#### [Requirement]
Gather the lines below that include the string "индейкой", copying each in full.
*** Input data
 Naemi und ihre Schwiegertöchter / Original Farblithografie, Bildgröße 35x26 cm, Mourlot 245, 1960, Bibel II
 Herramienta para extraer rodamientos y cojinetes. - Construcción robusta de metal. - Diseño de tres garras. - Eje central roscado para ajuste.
******
*** Input data
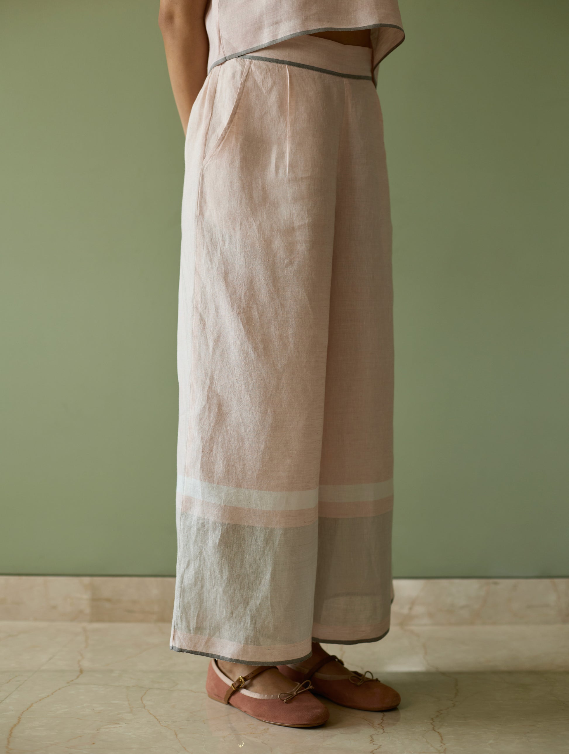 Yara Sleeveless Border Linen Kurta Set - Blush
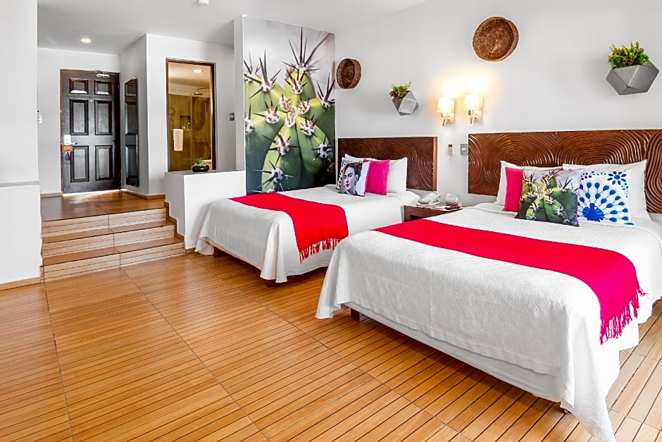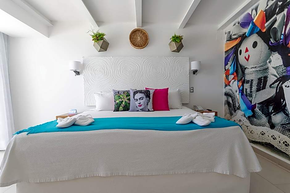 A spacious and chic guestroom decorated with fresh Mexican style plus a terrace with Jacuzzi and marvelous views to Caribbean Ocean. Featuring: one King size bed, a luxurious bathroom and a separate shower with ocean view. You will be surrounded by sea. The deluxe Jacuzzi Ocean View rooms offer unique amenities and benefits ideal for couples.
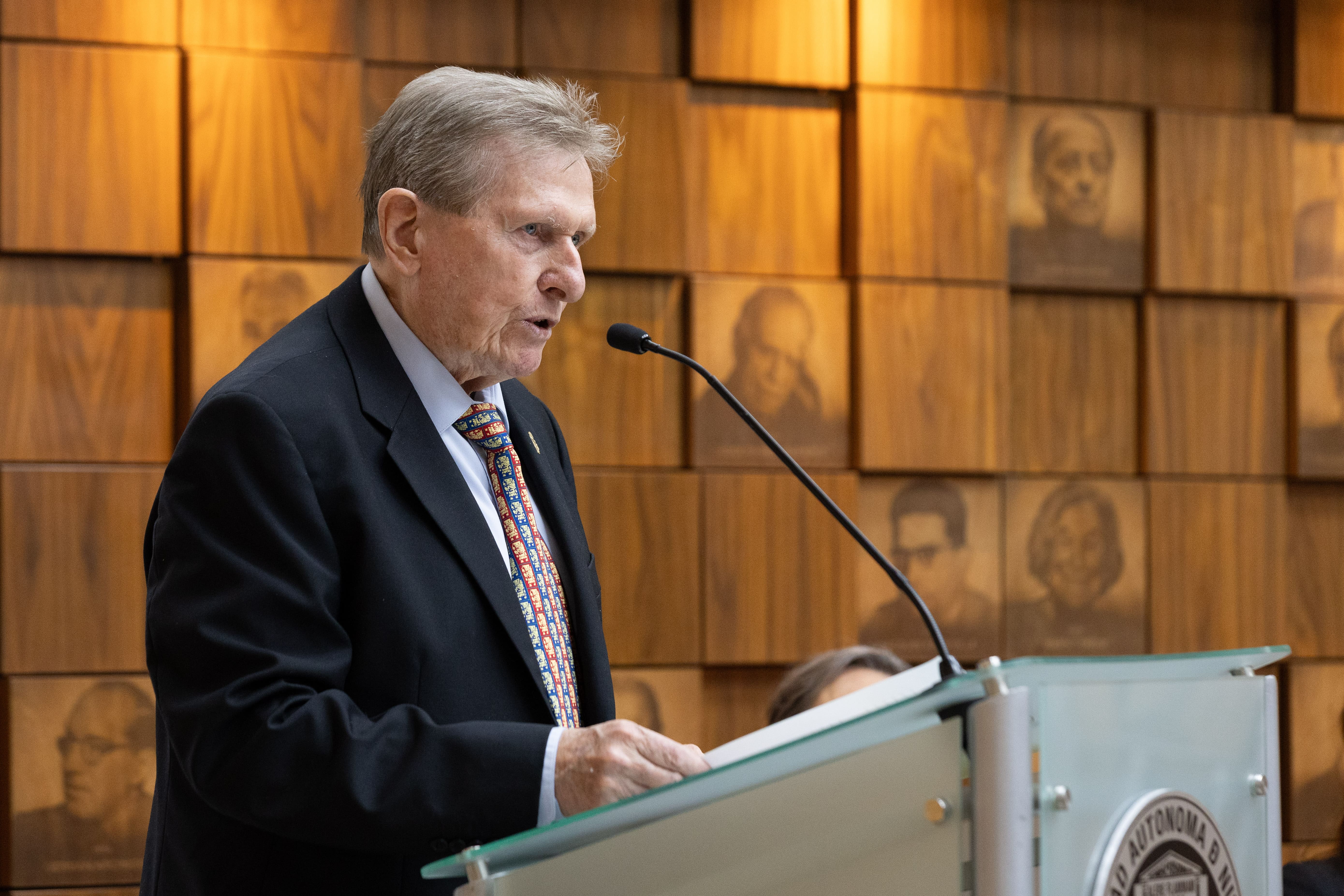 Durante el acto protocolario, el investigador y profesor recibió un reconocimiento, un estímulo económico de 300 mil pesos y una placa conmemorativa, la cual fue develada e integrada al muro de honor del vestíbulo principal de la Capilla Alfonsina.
******
*** Input data
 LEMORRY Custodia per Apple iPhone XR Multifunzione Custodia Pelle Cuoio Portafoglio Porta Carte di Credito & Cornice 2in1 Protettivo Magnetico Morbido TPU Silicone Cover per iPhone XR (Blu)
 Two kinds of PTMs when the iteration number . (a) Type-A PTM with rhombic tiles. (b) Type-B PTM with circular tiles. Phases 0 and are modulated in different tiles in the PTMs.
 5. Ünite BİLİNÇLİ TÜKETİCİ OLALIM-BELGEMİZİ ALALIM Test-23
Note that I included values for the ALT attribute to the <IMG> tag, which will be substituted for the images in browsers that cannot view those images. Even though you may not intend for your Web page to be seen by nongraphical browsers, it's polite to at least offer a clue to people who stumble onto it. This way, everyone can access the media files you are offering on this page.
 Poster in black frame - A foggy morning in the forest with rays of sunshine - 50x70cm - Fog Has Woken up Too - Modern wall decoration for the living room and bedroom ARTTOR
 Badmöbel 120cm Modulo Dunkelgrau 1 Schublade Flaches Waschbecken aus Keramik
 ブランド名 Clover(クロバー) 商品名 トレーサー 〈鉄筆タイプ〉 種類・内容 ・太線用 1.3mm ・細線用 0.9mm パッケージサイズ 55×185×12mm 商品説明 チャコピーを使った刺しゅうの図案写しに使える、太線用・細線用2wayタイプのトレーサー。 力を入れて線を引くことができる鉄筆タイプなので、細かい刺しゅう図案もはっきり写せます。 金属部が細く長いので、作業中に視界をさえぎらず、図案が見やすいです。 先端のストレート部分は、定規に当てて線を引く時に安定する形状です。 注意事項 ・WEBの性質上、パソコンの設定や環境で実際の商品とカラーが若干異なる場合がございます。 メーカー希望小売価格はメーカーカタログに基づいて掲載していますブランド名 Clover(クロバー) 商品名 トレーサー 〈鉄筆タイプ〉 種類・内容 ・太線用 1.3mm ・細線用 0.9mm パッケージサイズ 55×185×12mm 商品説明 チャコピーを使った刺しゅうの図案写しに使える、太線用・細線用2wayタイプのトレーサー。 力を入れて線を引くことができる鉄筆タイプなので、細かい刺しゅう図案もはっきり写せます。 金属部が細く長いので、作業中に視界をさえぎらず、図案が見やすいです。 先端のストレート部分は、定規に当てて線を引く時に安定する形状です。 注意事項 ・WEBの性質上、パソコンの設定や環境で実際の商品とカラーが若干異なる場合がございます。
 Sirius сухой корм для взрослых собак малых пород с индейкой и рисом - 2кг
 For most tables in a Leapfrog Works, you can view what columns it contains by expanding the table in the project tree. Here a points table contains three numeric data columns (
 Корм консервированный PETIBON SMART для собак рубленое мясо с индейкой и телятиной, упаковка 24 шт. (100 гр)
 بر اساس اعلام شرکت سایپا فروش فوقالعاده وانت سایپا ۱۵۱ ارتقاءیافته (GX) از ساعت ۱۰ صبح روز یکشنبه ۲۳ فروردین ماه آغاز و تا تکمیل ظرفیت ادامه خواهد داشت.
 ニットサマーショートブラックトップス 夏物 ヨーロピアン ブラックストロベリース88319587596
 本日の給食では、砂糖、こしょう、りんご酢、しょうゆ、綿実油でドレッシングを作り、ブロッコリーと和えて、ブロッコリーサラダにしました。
******
#### [Task output]
 Sirius сухой корм для взрослых собак малых пород с индейкой и рисом - 2кг
 Корм консервированный PETIBON SMART для собак рубленое мясо с индейкой и телятиной, упаковка 24 шт. (100 гр)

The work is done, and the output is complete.